Он появился, как появляются улики: тихо, почти буднично, без стука. Просто стоял в дверях, и в этой позе было что-то глубоко неправильное. Фёдоров не дышал — он существовал. Просто смотрел. Ян почувствовал, как в позвоночнике сработало что-то древнее, почти звериное — инстинкт напряжения, как перед вскрытием: когда не ты режешь, а режут тебя, медленно, от подбородка до грудины, с хирургической вежливостью.
— Ты не спал? — голос не упрёк, не забота.
Констатация факта. Допрос, завёрнутый в вату.
Ян смотрит на него так, будто сейчас начнёт смеяться. Не от веселья. От безысходности. От боли в затылке, от обострённого слуха, в котором всё время капает, капает, капает.
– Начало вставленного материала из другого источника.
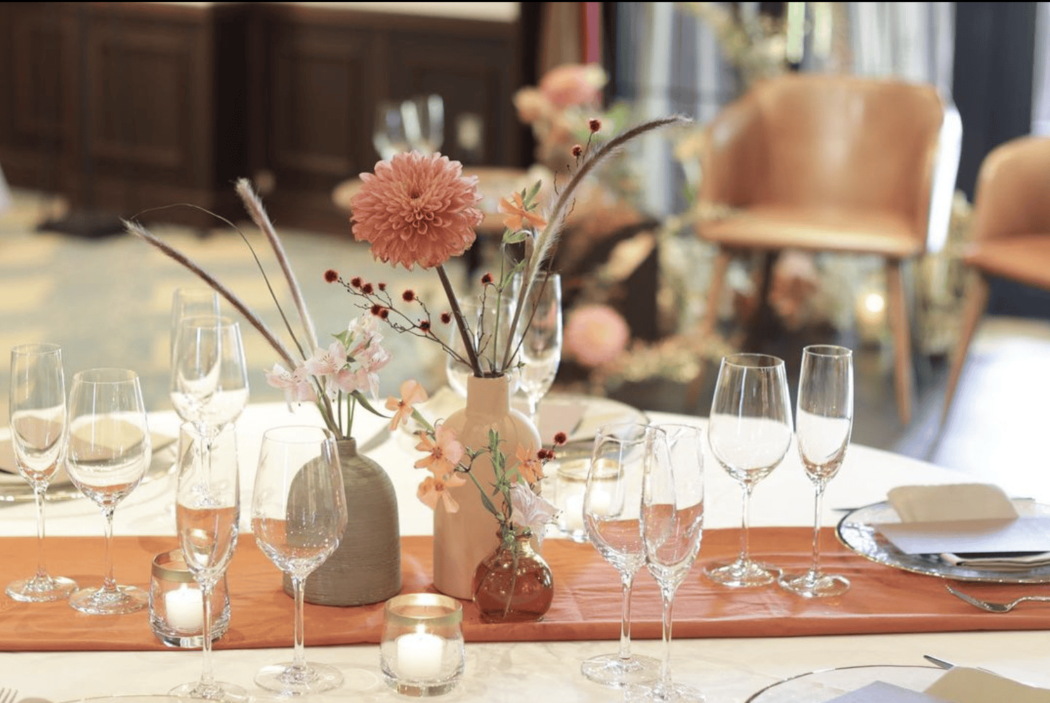 テラコッタカラーのテーブルランナーとの相性抜群♡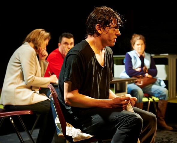 As the science teacher Thulin carries the greater weight of the play. In a sympathetic and well-calibrated portrayal, Thulin’s Erika Roth sees her position — as a teacher of science, which should be about science — as unassailable. But that idea is subjected to siege from various sides in what becomes a very dark comedy. She descends from tentatively earnest attempts to help Benjamin understand the curriculum, to exasperation, obsession, and ultimately to acts of extreme desperation at the edge of rationality, in her panic to preserve her sense of self. Which is where her arc, and Benjamin’s, cross from different directions.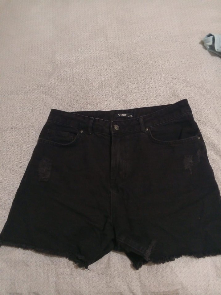Siyah renkli, bol kesim mini denim şort. Rahat ve günlük sokak tarzı için uygundur. Zahmetsiz şıklık sunar.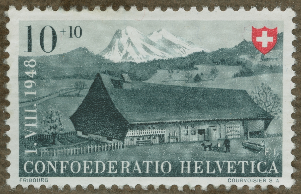 Frimärke från Schweiz, 1948. Motiv av typisk gård i Fribourg.
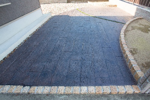 中庭にはマットスタンプ、ビンテージウッド柄を施工しました😳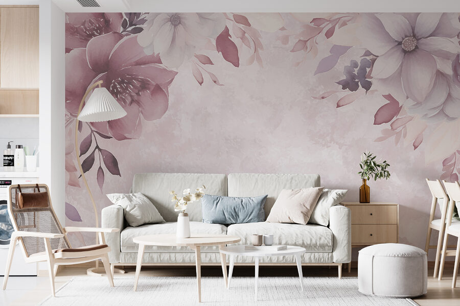 Veja este deslumbrante mural – “Elegância floral em tons pastel em exposição”. Perfeito se gosta de um toque de capricho na sua decoração. Imagine entrar numa sala cheia de peónias de aguarela de sonho e flores suaves em tons suaves de rosa e roxo. É como entrar num conto de fadas, não é?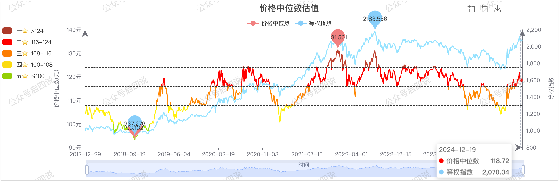 当前中位数: 118.883,当前相对上周下跌0.573元,位于二星级估值区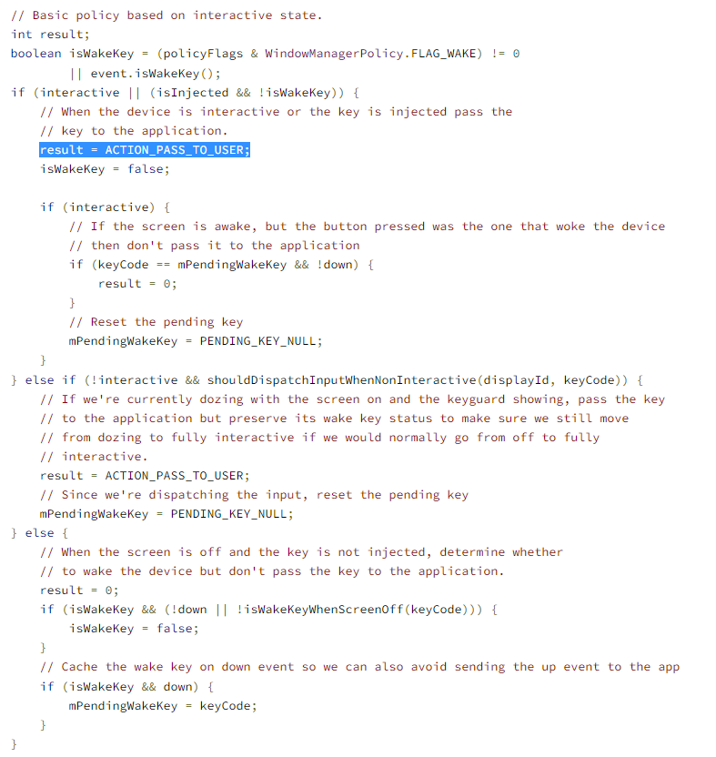 public int interceptKeyBeforeQueueing(KeyEvent event, int policyFlags) 부분을 확인해 보면 아래 쪽에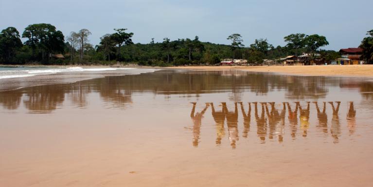 J.E - Come già accennato, nel mio lavoro miro a ottenere un’espressione visuale discreta che al tempo stesso implichi una significativa complessità. In Atlantic (Endless Row) l’immagine viene manipolata, così da cancellare alcuni elementi molto importanti. Le foto, scattate su una spiaggia in Ghana, mostrano sulla riva il riflesso di una fila di persone che camminano verso l’acqua. L’unico elemento visibile è il loro riflesso.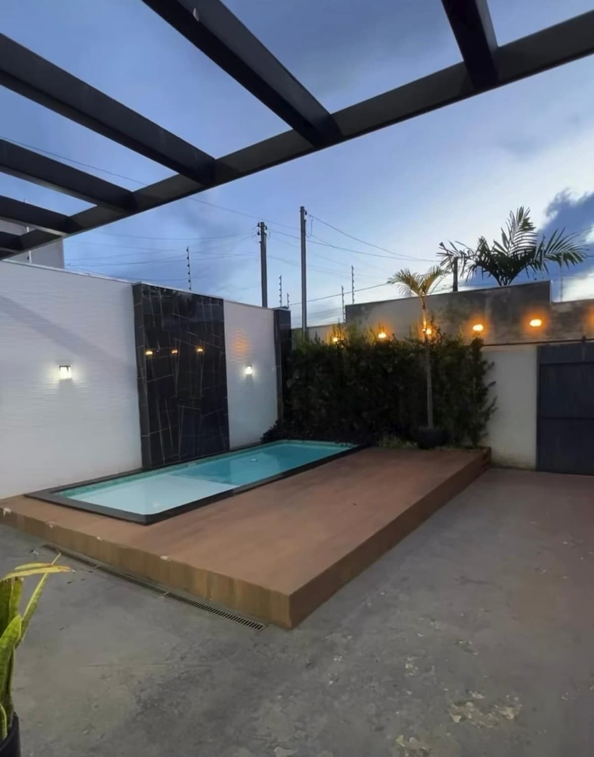 Uma residência espasosa que combina conforto, funcionalidade e estética. Ela é projetada para atender às necessidades dos seus huespedes oferecendo áreas sociais bem espaçosas com varanda gourmet, piscina e abrigo para 1 carros com 2 banheiros um quarto esta localizada em um ambiente muito tranquilo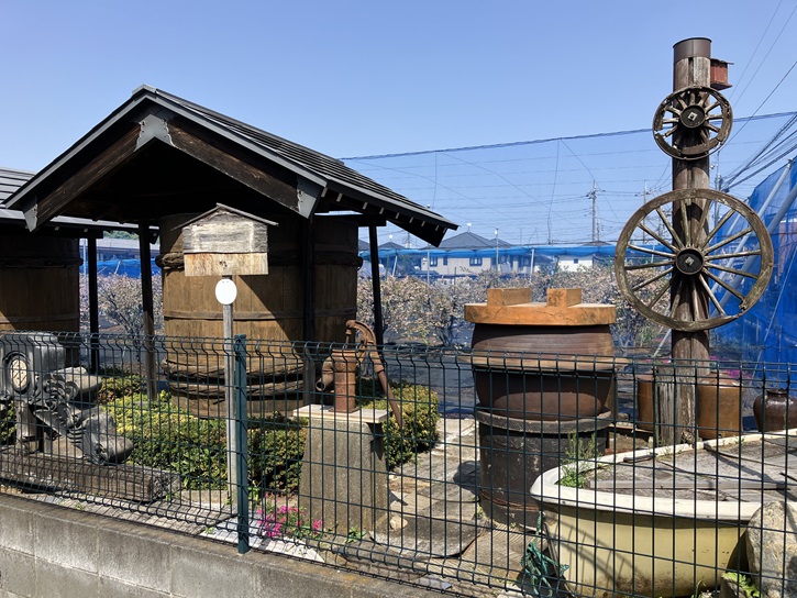 練馬には、かって農業が盛んだった頃の原風景がポイント8の「農風景を感じるまちのしつらえ」としてあちこちに保存されています。永井ブルーベリー園の角地に、大きな樽が並んでいます。昔使われていた漬物樽なんだそうです。大釜は何に使われていたのでしょうか?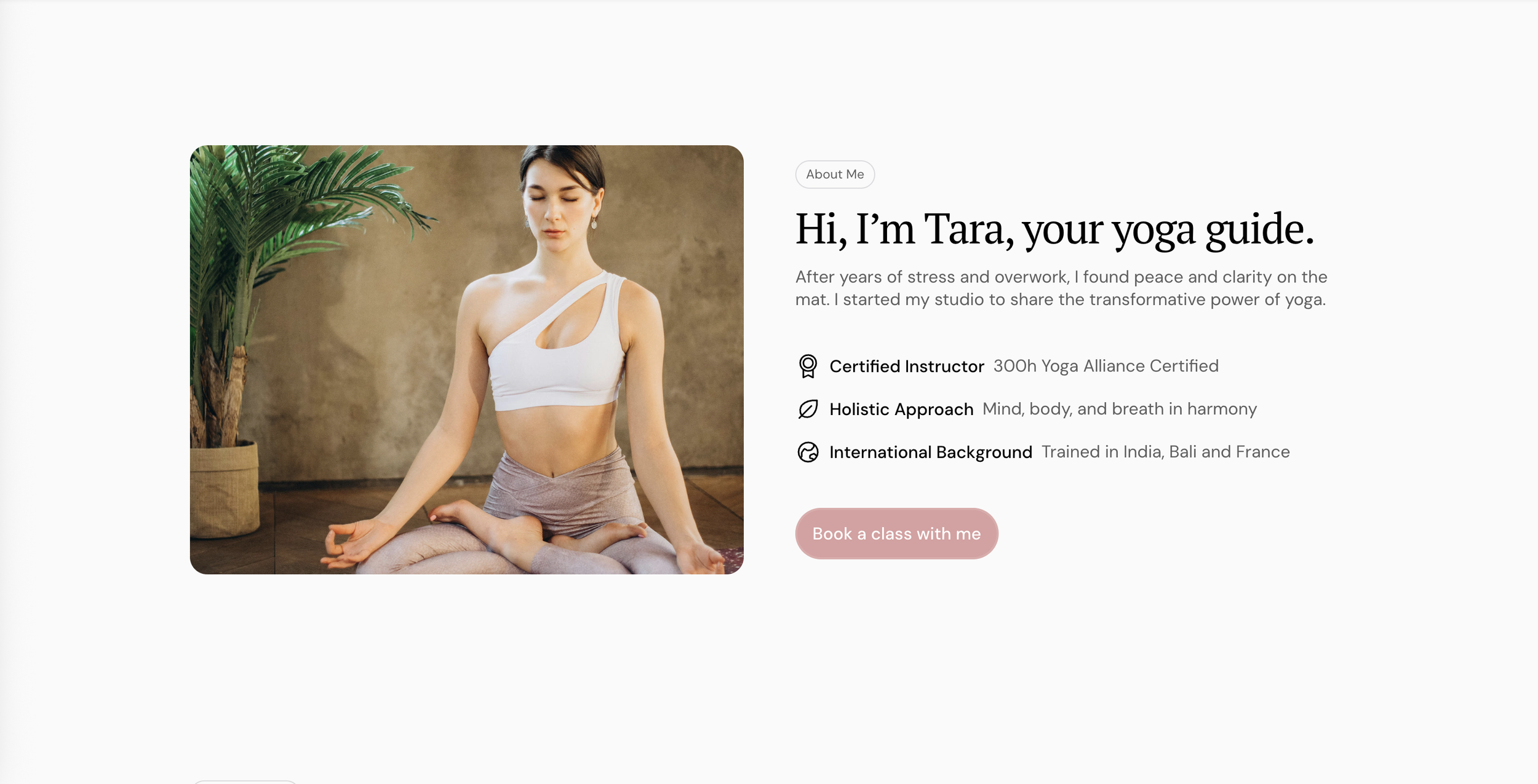 At the heart of any wellness journey is the instructor. This section presents the lead teacher with a warm, approachable profile, blending professional photography with a concise bio. The design emphasises trust and connection, helping potential clients feel at ease and inspired to join.

— Я работал, — говорит он, не повышая тона. Сухо, как треск старых бумаг.
Фёдоров делает шаг. Медленный, точный. Как бы между фразами. А потом — врезает сразу:
— У нас тут, знаешь ли, не Бостон.
Пауза. Ян сглатывает. Медленно, будто внутри всё обросло стеклом.
— У нас тут Москва, — отвечает он, не моргнув.
Глаза в глаза. Улыбок нет. Ничего нет. Только коридор, в котором слишком много стен и слишком мало воздуха.
— Ты думаешь, ты лучше? — голос Фёдорова ниже, будто капает прямо под кожу. — Или ты просто другой?
И вот она, вилка. Вот она, щель, в которую можно провалиться — если сказать не то. Если сказать честно. Или если сказать слишком убедительно. Ян молчит. Потому что сейчас он — это сердце под рёбрами, готовое к вскрытию. А может, уже вскрытое. Просто шов пока держится.
И тут всё сжимается. Не воздух — а время. Не свет — а память. Ян говорит эти слова не как оправдание, не как исповедь, не как вызов. Он говорит их как диагноз. Себе. Им. Фёдорову. Эпохе. Он сам в этот момент — как тело на столе: без анестезии, без прикрытий, с открытой грудной клеткой. И внутри — не сердце, а клубок проводов, сращённых из страха, упрямства и какой-то последней, почти детской веры в смысл своего существования.